**Exercise brief**
Given the entries below, would you transcribe exactly the lines starting at the one with "건조기를 사용하고나면 이렇게" and ending at the one with "Acne Studios khaki", both kept, pictures omitted, nothing extra?

**Supplied data**
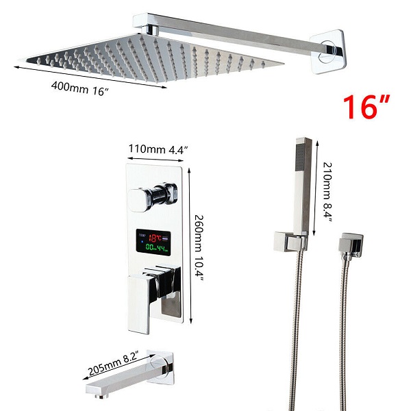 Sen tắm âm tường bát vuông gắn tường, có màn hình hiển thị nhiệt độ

---

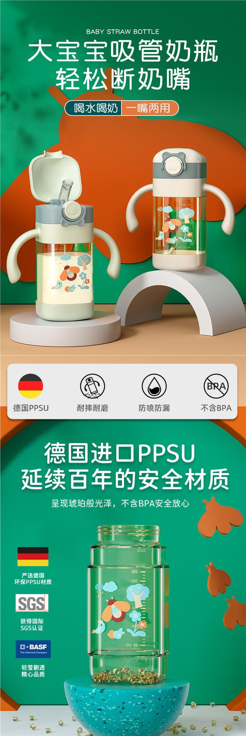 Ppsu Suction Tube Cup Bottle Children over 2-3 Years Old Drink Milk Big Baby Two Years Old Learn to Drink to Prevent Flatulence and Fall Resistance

---

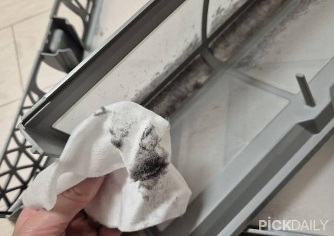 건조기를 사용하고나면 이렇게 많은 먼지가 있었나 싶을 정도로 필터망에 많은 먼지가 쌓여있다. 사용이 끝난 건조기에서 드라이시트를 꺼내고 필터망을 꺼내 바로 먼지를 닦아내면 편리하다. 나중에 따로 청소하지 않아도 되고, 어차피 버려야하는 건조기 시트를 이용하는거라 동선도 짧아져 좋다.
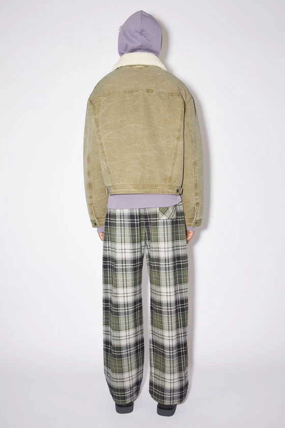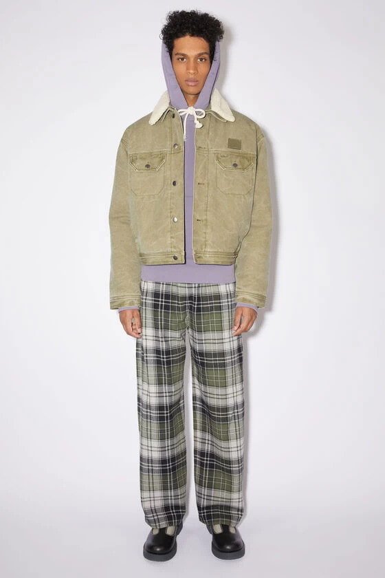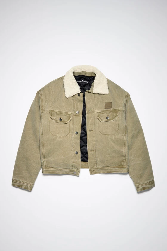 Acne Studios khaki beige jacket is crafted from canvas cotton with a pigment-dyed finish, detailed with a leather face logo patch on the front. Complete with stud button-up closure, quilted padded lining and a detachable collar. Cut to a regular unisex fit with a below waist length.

**Answer to the exercise**
 건조기를 사용하고나면 이렇게 많은 먼지가 있었나 싶을 정도로 필터망에 많은 먼지가 쌓여있다. 사용이 끝난 건조기에서 드라이시트를 꺼내고 필터망을 꺼내 바로 먼지를 닦아내면 편리하다. 나중에 따로 청소하지 않아도 되고, 어차피 버려야하는 건조기 시트를 이용하는거라 동선도 짧아져 좋다.
 Acne Studios khaki beige jacket is crafted from canvas cotton with a pigment-dyed finish, detailed with a leather face logo patch on the front. Complete with stud button-up closure, quilted padded lining and a detachable collar. Cut to a regular unisex fit with a below waist length.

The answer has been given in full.